Bug#1069077: rockpro64: multiple kernel oops and frequent boot failures
Control: fixed -1 6.8.9-1 On Fri, 17 May 2024 12:15:55 +0200, Diederik de Haas wrote: >Kernel 6.8.9 has recently been uploaded to Unstable which has that commit. >Can you verify that it indeed fixes this bug? Indeed, it seems to be fixed there. It usually takes only one or two boots to show up, but I didn't see it in five reboots with kernel 6.8.9. This matches what I found while bisecting for the past week. Note that I have not examined the es8316 driver code or its relationship to maple_tree. I don't know if the bug was in maple_tree and now fixed, or still lurks within the driver but is now hidden as a result of the maple_tree changes. In any case, I'm happy to report that I no longer see it breaking the OS in this newer kernel.
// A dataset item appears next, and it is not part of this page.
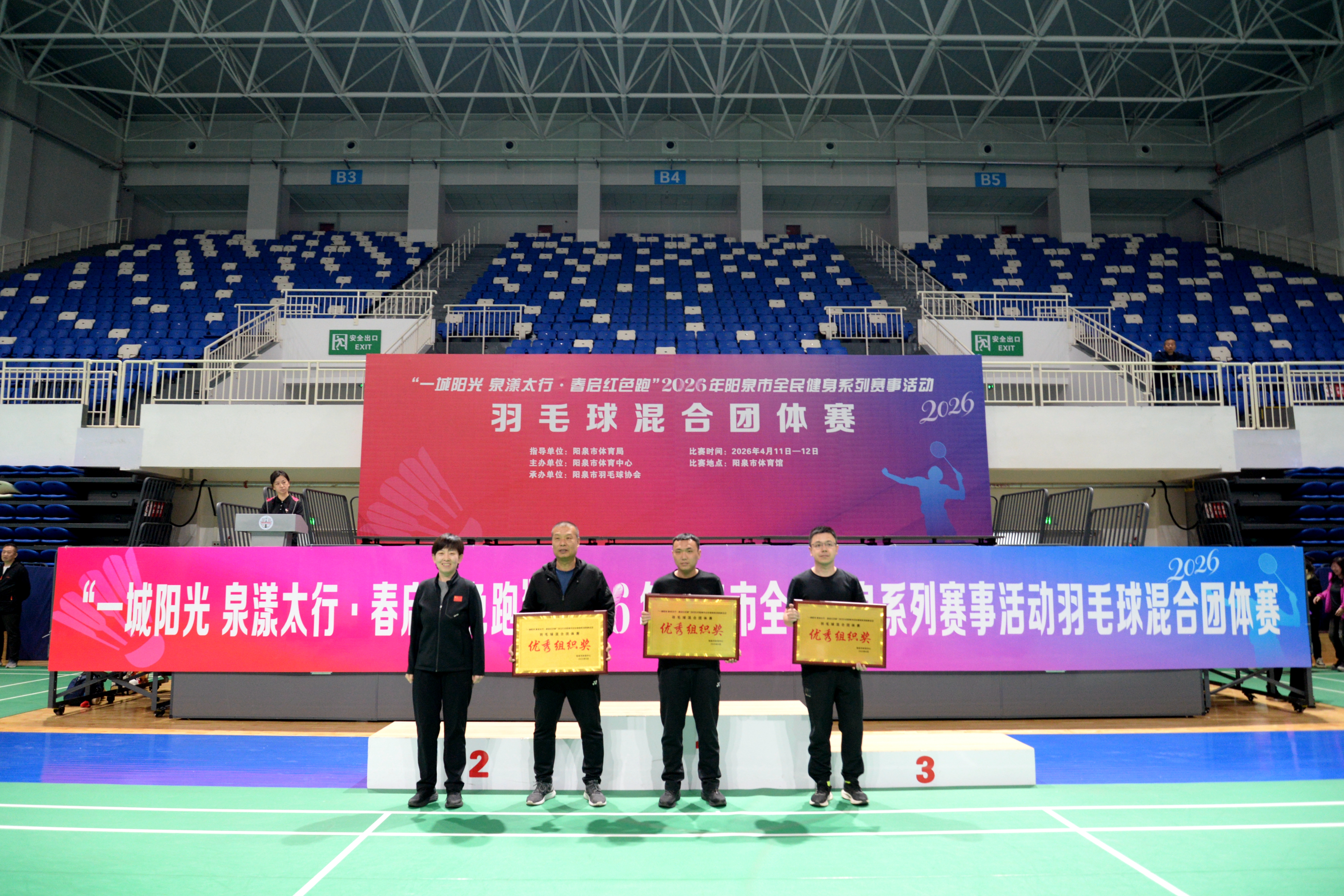 4月11-12日,由阳泉市体育局指导、阳泉市体育中心主办、阳泉市羽毛球协会承办的“一城阳光 泉漾太行·春启红色跑”2026年阳泉市全民健身系列赛事活动羽毛球混合团体赛在阳泉市体育馆举办。比赛为期两天,共有来自阳泉市58支代表队700余名运动员挥拍上阵、同台竞技,为球迷们献上了一场精彩纷呈的羽毛球盛宴。
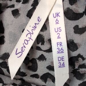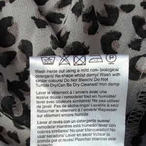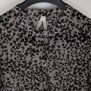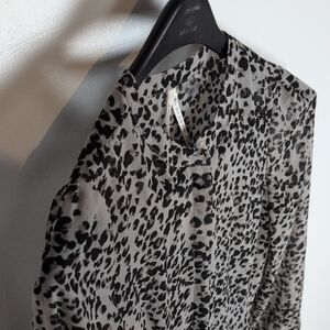 Black and gray leopard print. Full button front. Long sleeves. Sheer dress --- looks great over a slip dress or shortie bodysuit. Excellent condition -- no stains, holes, or fraying. Laid flat pit-to-pit: 17in. Laid flat waist: 15in. Shoulder to hem: 42in.

Bug#1069077: rockpro64: multiple kernel oops and frequent boot failures
On Friday, 17 May 2024 03:36:35 CEST Forest wrote: > A git bisect reveals it to be fixed by this commit: > > https://git.kernel.org/pub/scm/linux/kernel/git/stable/linux.git/commit/?id= > f7a59018953910032231c0a019208c4b0a4a8bc3 > > maple_tree: make mas_erase() more robust > > > > mas_erase() may not deal correctly with all maple states. Make the > > function more robust by ensuring the state is in one of the two acceptable > > states. Kernel 6.8.9 has recently been uploaded to Unstable which has that commit. Can you verify that it indeed fixes this bug? signature.asc Description: This is a digitally signed message part.
Bug#1069077:
A git bisect reveals it to be fixed by this commit: https://git.kernel.org/pub/scm/linux/kernel/git/stable/linux.git/commit/?id=f7a59018953910032231c0a019208c4b0a4a8bc3 > maple_tree: make mas_erase() more robust > > mas_erase() may not deal correctly with all maple states. Make the > function more robust by ensuring the state is in one of the two acceptable > states.
Bug#1069077:
Control: found -1 6.7.12-1
Bug#1069077: Re: Bug#1069077: es8316 driver causes kernel oops / panic on rockpro64
Control: found -1 6.6.15-2 On Tue, 16 Apr 2024 10:34:45 +0200, Diederik de Haas wrote: >Can you try the Debian Testing kernel, which is at version 6.6.15? 6.6.15-2 also has the bug.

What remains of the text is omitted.